Transducers originated in Clojure, designed to tackle specific challenges in functional programming and data processing. If you’re working with large datasets, streaming data, or complex transformations, understanding transducers can significantly enhance the efficiency and composability of your code.

What Are Transducers?

At their core, transducers are composable functions that transform data. Unlike traditional functional programming techniques like map, filter, and reduce, which are tied to specific data structures, transducers abstract the transformation logic from the input and output, making them highly reusable and flexible.

Key Advantages of Transducers

1. Composability and Reusability

Transducers allow you to compose and reuse transformation logic across different contexts. By decoupling transformations from data structures, you can apply the same logic to lists, streams, channels, or any other sequential data structure. This makes your code more modular and adaptable.

2. Performance Optimization

One of the primary motivations for using transducers is to optimize data processing. Traditional approaches often involve creating intermediate collections, which can be costly in terms of performance, especially with large datasets. Transducers eliminate this overhead by performing all operations in a single pass, without generating intermediate results.

A Python example

import time
from functools import reduce

# Traditional approach
def traditional_approach(data):
    return [x * 2 for x in data if (x * 2) % 2 == 0]

# Transducer approach
def mapping(f):
    def transducer(reducer):
        def wrapped_reducer(acc, x):
            return reducer(acc, f(x))
        return wrapped_reducer
    return transducer

def filtering(pred):
    def transducer(reducer):
        def wrapped_reducer(acc, x):
            if pred(x):
                return reducer(acc, x)
            return acc
        return wrapped_reducer
    return transducer

def compose(t1, t2):
    def composed(reducer):
        return t1(t2(reducer))
    return composed

def transduce(data, initial, transducer, reducer):
    transformed_reducer = transducer(reducer)
    return reduce(transformed_reducer, data, initial)

data = range(1000000)

# Measure traditional approach
start = time.time()
traditional_result = traditional_approach(data)
traditional_time = time.time() - start

# Measure transducer approach
xform = compose(
    mapping(lambda x: x * 2),
    filtering(lambda x: x % 2 == 0)
)

def efficient_reducer(acc, x):
    acc.append(x)
    return acc

start = time.time()
transducer_result = transduce(data, [], xform, efficient_reducer)
transducer_time = time.time() - start

# Results
print(f"Traditional approach time: {traditional_time:.4f} seconds")
print(f"Transducer approach time: {transducer_time:.4f} seconds")
print(f"Traditional is faster by: {transducer_time / traditional_time:.2f}x")

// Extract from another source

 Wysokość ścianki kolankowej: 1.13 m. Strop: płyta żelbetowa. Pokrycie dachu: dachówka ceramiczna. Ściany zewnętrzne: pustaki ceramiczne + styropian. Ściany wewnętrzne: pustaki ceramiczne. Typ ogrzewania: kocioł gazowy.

however when executed the transducer version is much slower in Python

Traditional approach time: 0.0654 seconds
Transducer approach time: 0.1822 seconds
Traditional is faster by: 2.78x

Are Transducers Suitable for Python?

While transducers offer theoretical benefits in terms of composability and efficiency, Python might not be the best language for leveraging these advantages. Here’s why:

  1. Python’s Function Call Overhead: Python has a relatively high overhead for function calls. Since transducers rely heavily on higher-order functions, this overhead can negate the performance gains that transducers are designed to offer.

  2. Optimized Built-in Functions: Python’s built-in functions like map, filter, and list comprehensions are highly optimized in C. These built-ins often outperform custom transducer implementations, especially for common tasks.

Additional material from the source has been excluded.